By Xie Yu
HONG KONG (Reuters) – Most Asia-Pacific stocks markets strengthened on Wednesday, as expectations for stimulus from China and overnight gains on Wall Street boosted the mood.
MSCI’s broadest index of Asia-Pacific shares outside Japan gained 0.7% in the morning.
China’s benchmark equity index rose 0.3%, while Hong Kong’s Hang Seng added 1.2%.
On Tuesday, China reportedly asked the biggest banks to cut deposit rates to boost the economy. Speculation of policy support for the troubled property sector has been lifting those shares over the past week.
Japan was an outlier, with the Nikkei sliding 1.1% after touching a 33-year high on Tuesday.
“Overall, across the board, assets are doing pretty well,” said Yuting Shao, macro strategist at State Street Global Markets.
“The U.S. debt ceiling uncertainty (has been) removed (and) hope on China to introduce more help to the economy is also a good sign for the market.”
The U.S. S&P 500 ended higher on Tuesday, continuing to gain support from strengthening bets that the Federal Reserve will hold interest rates steady at its policy meeting next week.
The two-year Treasury yield, which typically moves in step with interest rate expectations, fell slightly to about 4.5% in Tokyo, from Tuesday’s close at 4.516%. The yield on 10-year notes slipped to around 3.67%.
The U.S. dollar index slipped by 0.04% to 104.03.
The Australian dollar reached its highest since mid-May at $0.6690, extending a rally following a central bank rate increase on Tuesday.
Oil prices steadied on Wednesday after the previous session’s losses, as demand concerns owing to slow global economic growth were offset by expectations of tighter global supply following Saudi Arabia’s pledge to deepen output cuts.
U.S. crude was flat at $71.74 a barrel.
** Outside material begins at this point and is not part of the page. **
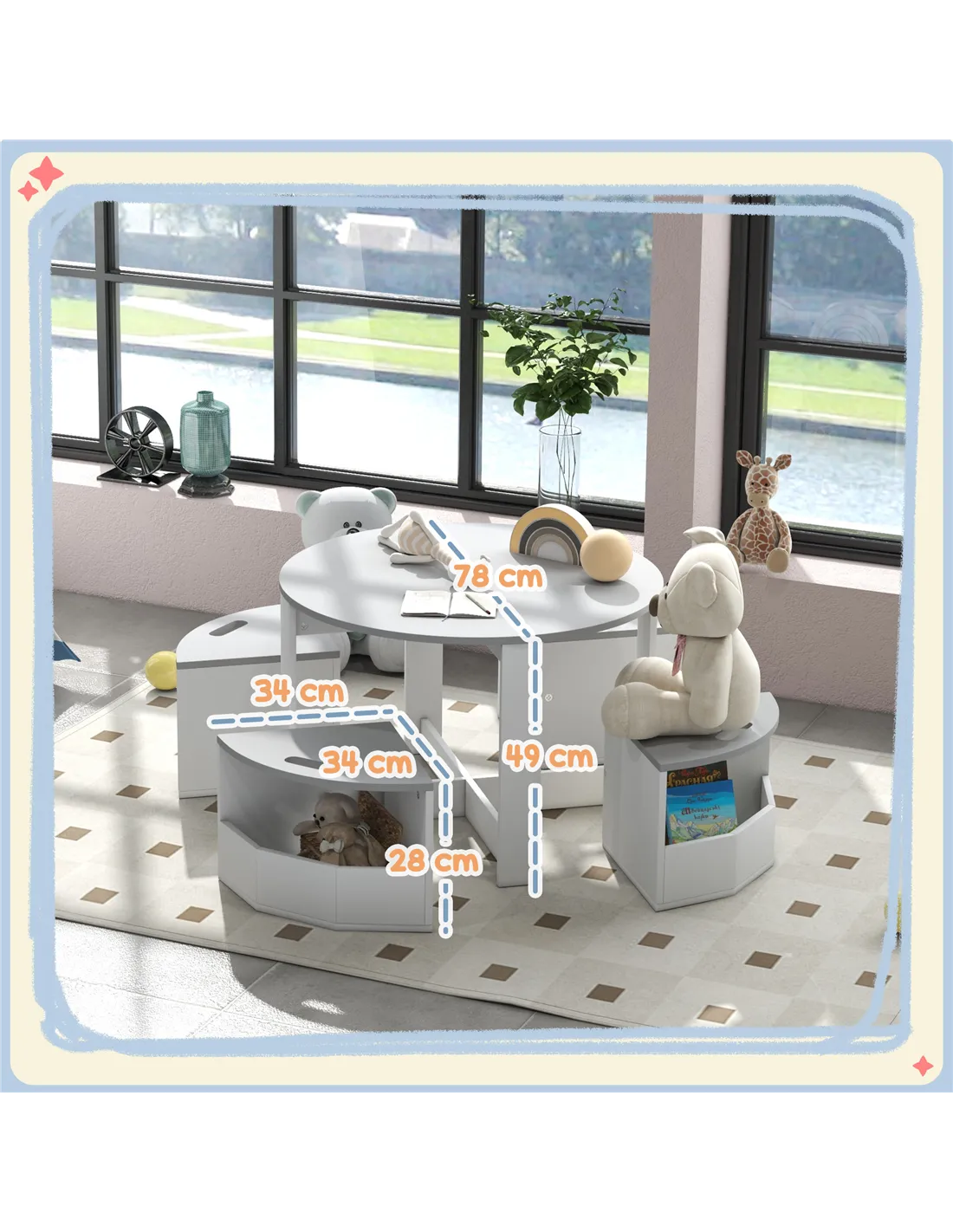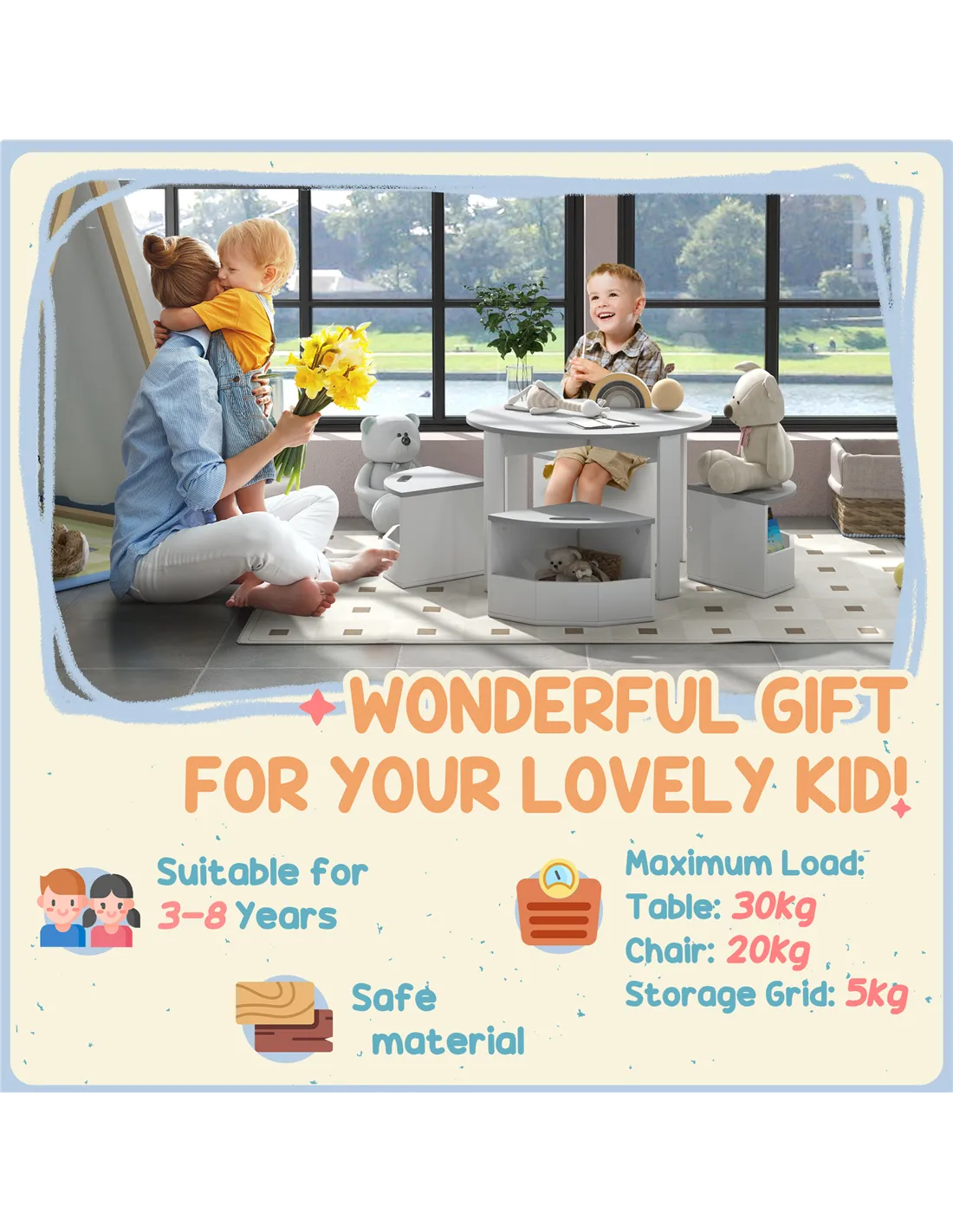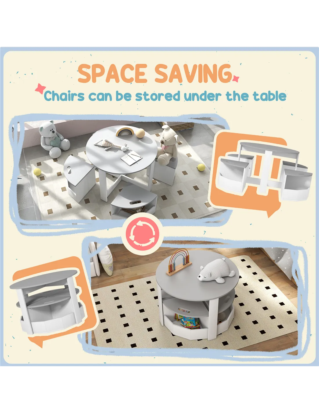 AIYAPLAY Five-Piece Kids Table and Chairs Set with Storage, for Ages 3-8 Years, Grey

Brent crude eased to $76.25 per barrel.
Gold was slightly higher, trading at $1,965.19 per ounce.
Leading cryptocurrency bitcoin was trading at about $27,000, consolidating following a sharp overnight rebound from as low as $25,350.
The token has been a paradoxical beneficiary of a U.S. Securities and Exchange Commission (SEC) crackdown on cryptocurrency exchanges, and the classification of tokens including Solana, Cardano and Polygon as securities.
“The SEC is making life nearly impossible for several altcoins,” said Oanda senior market analyst Ed Moya.
“And that is actually driving some crypto traders back into Bitcoin.”